We can solve the DV misissuance problem directly without forklifting in a new DNS, and the forklift upgrade doesn't even decisively solve the primary problem it's meant to solve.
Do you have a concrete proposal that is both credibly deployable and better than DNSSEC?
DNSSEC is awful in many ways, but it can be deployed incrementally, it's already standardized, and a good chunk of the benefit can be had without changing normal clients at all. I think that "absolutely staggering enormous global expense" is an overstatement.
edit: A major benefit of DNSSEC is that the CA/B forum already requires that CAs use it to check CAA records.
I do have a concrete, credible, deployable proposal: do nothing. DNSSEC is a net negative.
I don't care that it's "standardized". The IETF has standardized a lot of bad stuff. I care that the benefits, such as they are, don't outweigh the costs --- those of a global key escrow system embedded in the DNS, those of the mass deployment of 1990s cryptography, and those of an enormous and expensive disruption to both our networks and, ultimately, our software, much of which will need to be updated to account for the untenable failure mode DNSSEC exhibits today.
Why do I care that CA/B forum requires DNSSEC (when it's enabled) for CAA records?
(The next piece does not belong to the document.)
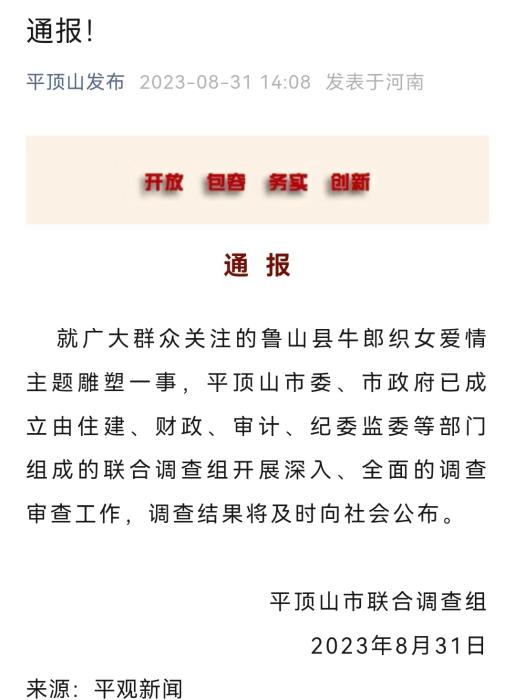 8月31日,“平頂山發(fā)布”公眾號發(fā)布通報,就廣大群眾關(guān)注的魯山縣牛郎織女愛情主題雕塑一事,平頂山市委、市政府已成立由住建、財政、審計、紀(jì)委監(jiān)委等部門組成的聯(lián)合調(diào)查組開展深入、全面的調(diào)查審查工作,調(diào)查結(jié)果將及時向社會公布。
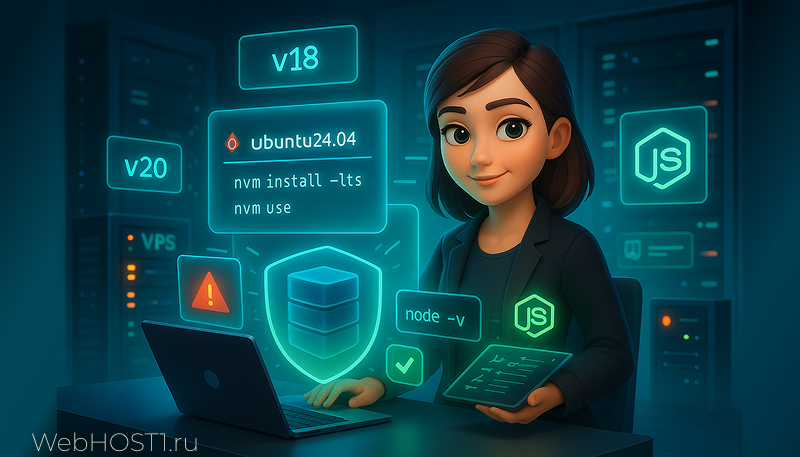 Веб-разработчики всё чаще сталкиваются с необходимостью работать над проектами, использующими разные версии Node.js. Это особенно актуально при запуске приложений на виртуальных серверах, где стабильность и гибкость среды — приоритет. В этой статье мы расскажем, как настроить nvm (Node Version Manager) на Ubuntu 24.04 и почему сервера от Webhost1 — оптимальная площадка для Node.js-разработки. Node.js быстро развивается, и далеко не все проекты переходят на последние версии. Одни используют LTS-выпуски (например, 18.x или 20.x), другие зависят от более свежих релизов (22.x, 24.x). Стандартная установка через apt не решает проблему — она ограничена одной версией. nvm позволяет: На серверах Webhost1 установка и управление nvm особенно удобны — вы полностью контролируете окружение, а производительность и стабильность VPS гарантируют безупречную работу ваших приложений. Перед установкой рекомендуется удалить системные пакеты nodejs и npm, если они установлены: sudo apt purge --auto-remove n

Nobody uses DNSSEC.
Is it your opinion that none of the largest tech companies or financial institutions in the US have good security teams? Or, if, like me, you generally think money buys talent and companies like Google and Facebook and Apple (and, for that matter, Bank of America and Citigroup) have pretty amazing security teams, riddle me this: why have none of them enabled DNSSEC? Are they just too stupid?
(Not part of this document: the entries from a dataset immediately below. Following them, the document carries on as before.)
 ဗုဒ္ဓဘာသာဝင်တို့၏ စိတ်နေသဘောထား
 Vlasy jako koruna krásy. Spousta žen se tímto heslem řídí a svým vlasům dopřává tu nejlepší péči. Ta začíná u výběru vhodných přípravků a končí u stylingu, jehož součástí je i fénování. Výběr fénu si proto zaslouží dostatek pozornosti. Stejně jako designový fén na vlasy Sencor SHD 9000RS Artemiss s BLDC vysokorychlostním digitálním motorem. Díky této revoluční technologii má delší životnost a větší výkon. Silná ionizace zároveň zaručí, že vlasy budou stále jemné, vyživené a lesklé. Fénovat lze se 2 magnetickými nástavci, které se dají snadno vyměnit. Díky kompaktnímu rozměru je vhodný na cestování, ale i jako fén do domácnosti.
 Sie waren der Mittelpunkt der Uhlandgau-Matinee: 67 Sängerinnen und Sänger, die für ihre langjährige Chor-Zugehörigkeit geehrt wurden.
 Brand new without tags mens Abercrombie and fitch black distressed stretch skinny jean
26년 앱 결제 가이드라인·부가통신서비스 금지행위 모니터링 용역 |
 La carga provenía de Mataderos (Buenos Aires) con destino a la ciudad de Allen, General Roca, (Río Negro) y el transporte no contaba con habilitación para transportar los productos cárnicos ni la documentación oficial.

Google, Facebook, etc presumably have rather large and competent security teams, and they presumably do things like extensively monitoring CT logs and BGP. And Google's properties nonetheless get hijacked on a semi-regular basis by BGP attacks. (A very small amount of looking suggests that this happened last November.) I'm not aware of anyone using such a BGP attack to get a certificate for a site like YouTube, but I see nothing that prevents it.
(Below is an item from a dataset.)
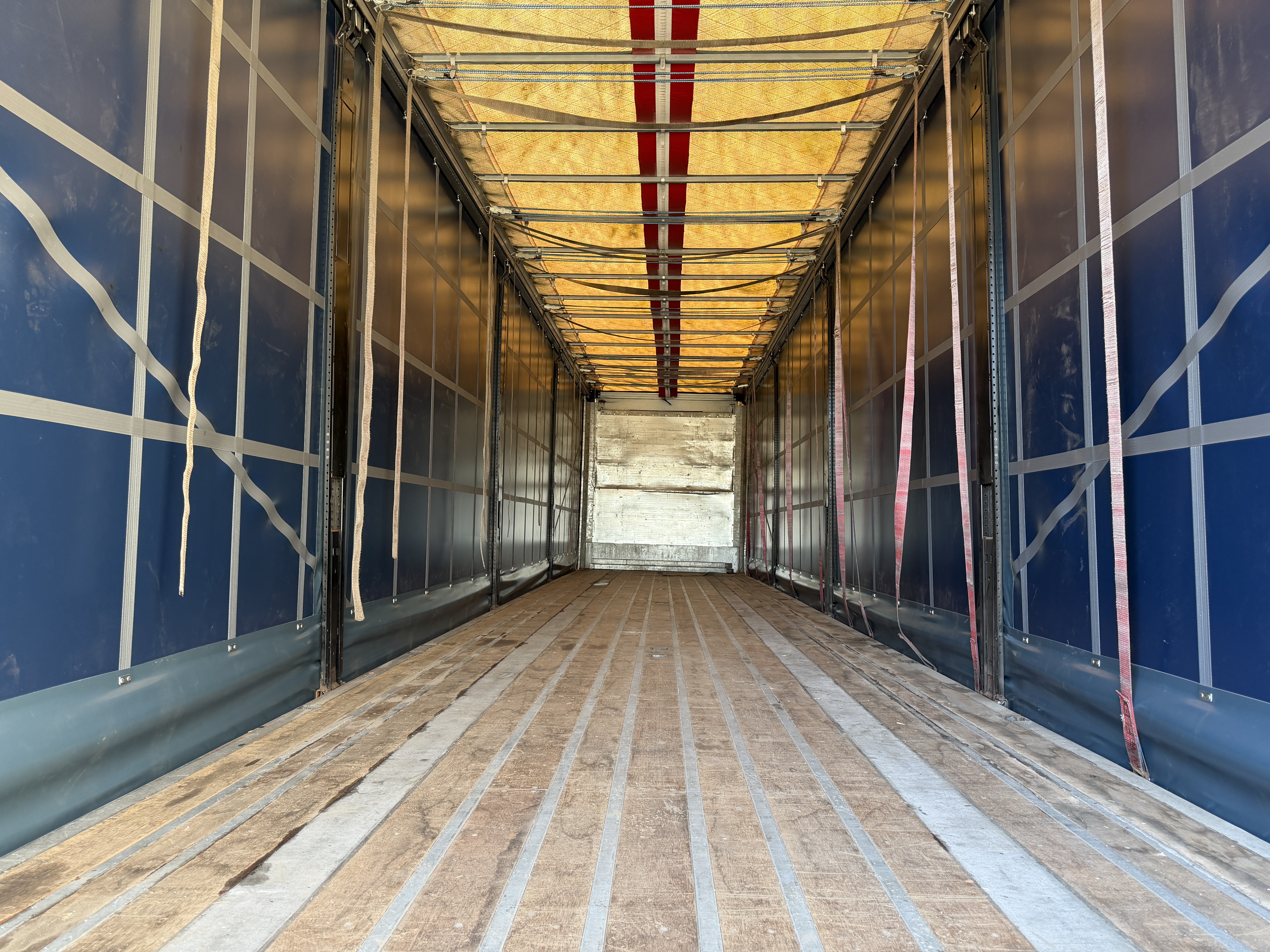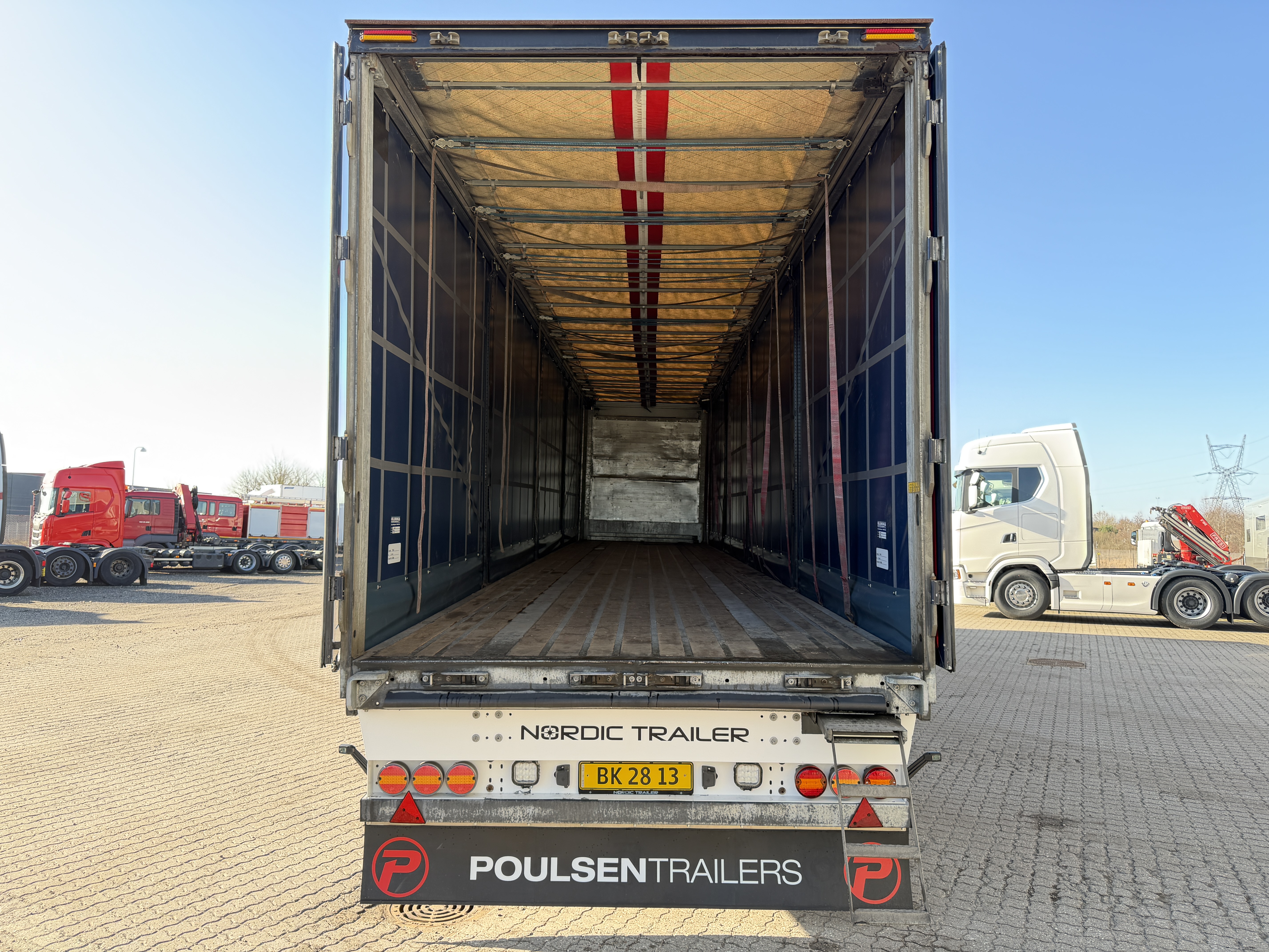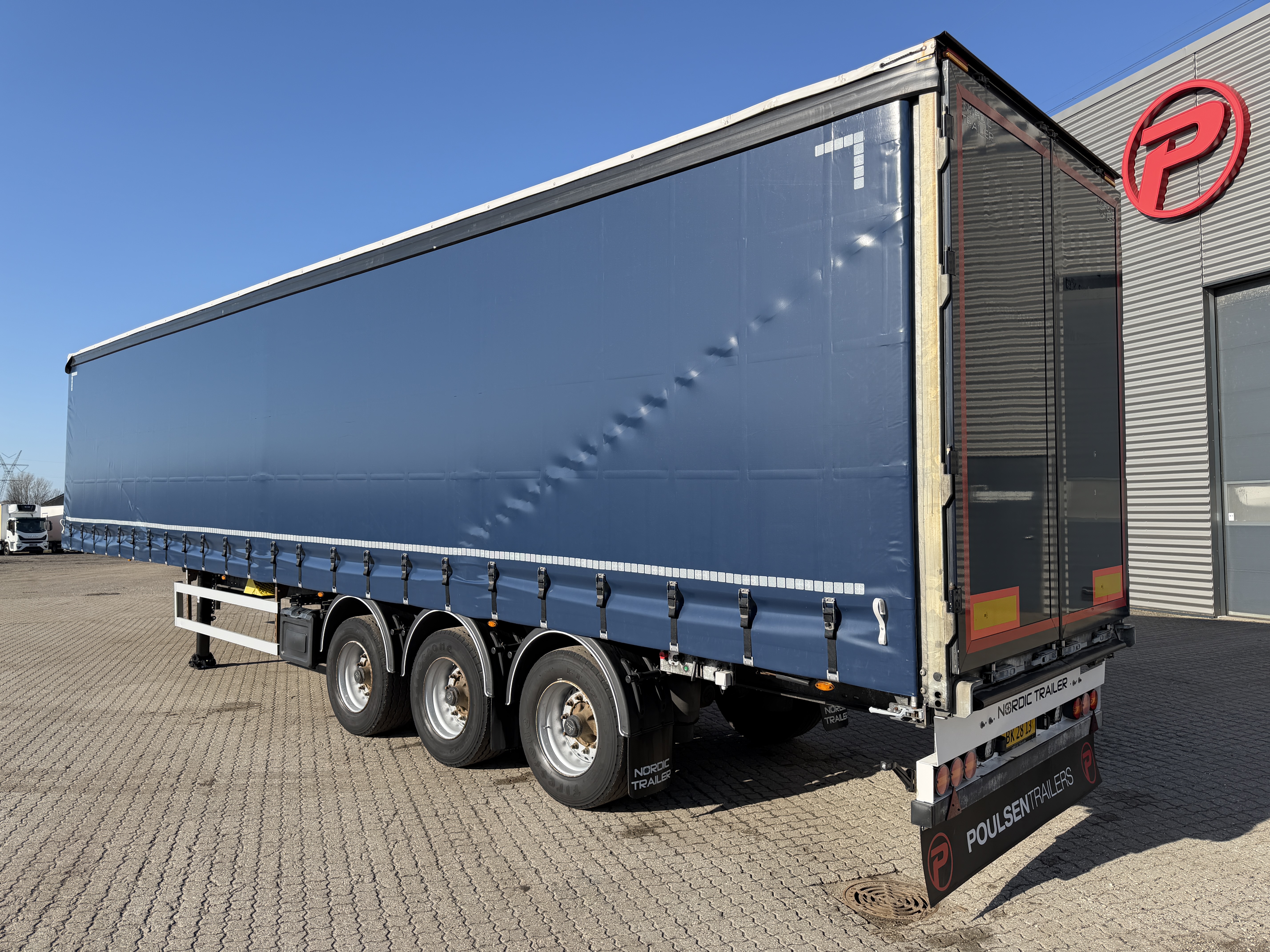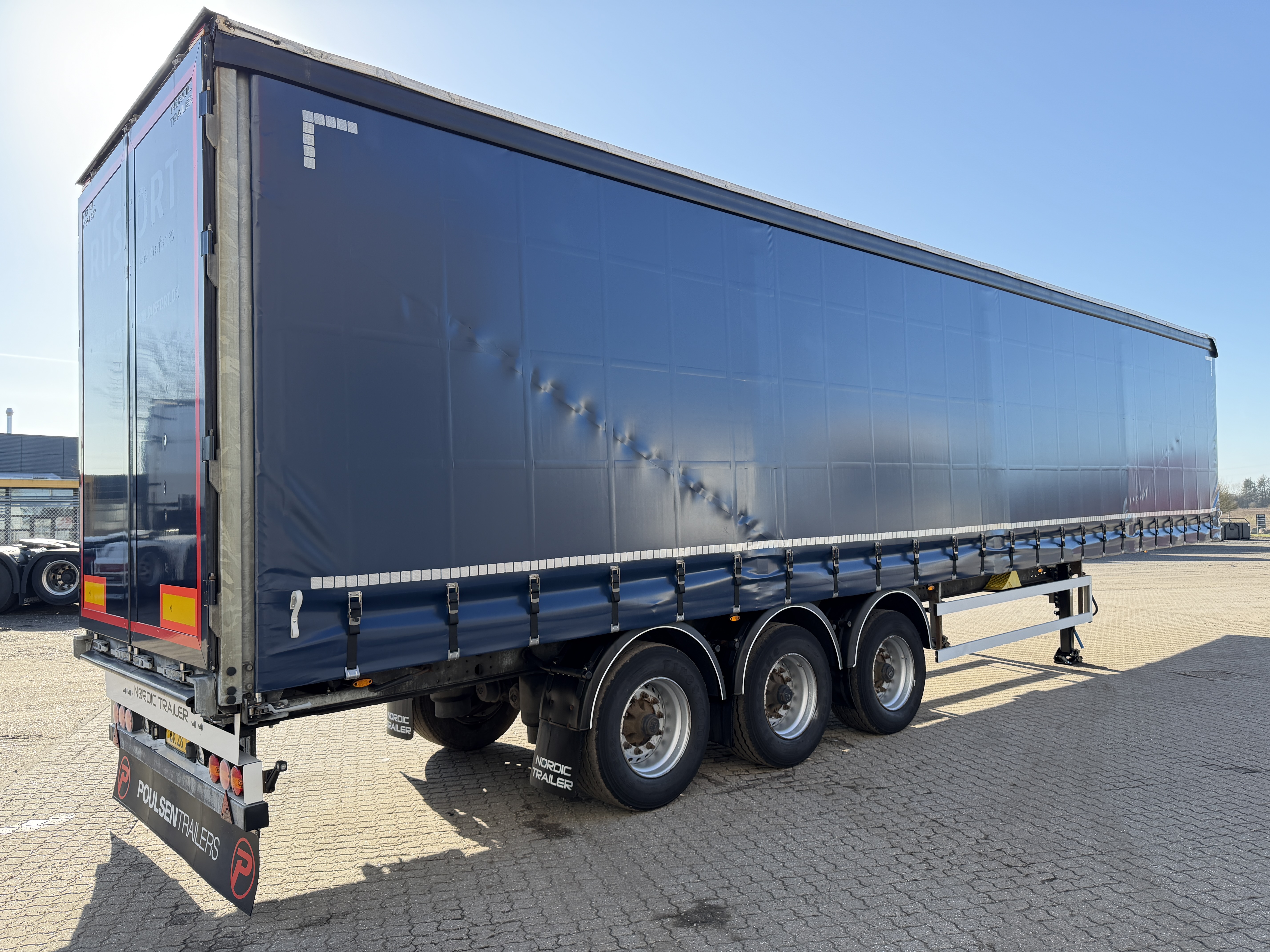 Her tilbydes en NORDIC 3-akslet gardintrailer med hårdttræsbund og lang akselafstand.

I don't actually know why Google doesn't enable DNSSEC on its own properties for this exact reason. They may be relying on the fact that any serious CA will have "google.com" and similar domains in a list of high-risk domains.
(Heck, I can't easily personally monitor BGP for a website even if I wanted to.)
Virtually no company with a reputable security team uses DNSSEC. Not Google. Not Facebook. Not Stripe. Not Braintree. Not Salesforce.com. Not Microsoft. Not Cisco.com. Not IBM. Not Oracle. Not Amazon. Not Github. Not NASDAQ. Not Citigroup. Not Bank of America. Not Schwab. Not Goldman. Not JPMC. Not Boeing. Not Lockheed Martin.
Each of these companies has a huge security team. Not one of them thinks DNSSEC is worth deploying. How do you explain that? Is virtually every infosec team in North America just wrong?
> However, since no off-the-shelf resolver provides an API to check if a domain is DNSSEC-signed, CAs had to roll their own solutions, most of which were wrong and insecure
So fix that problem then. If CAs are not properly checking DNSSEC in violation of the BRs, that's the real problem here. It's not a reason to avoid DNSSEC.
I would go so far as to say that not doing this for a high value site will be irresponsible once this CAA feature becomes stable.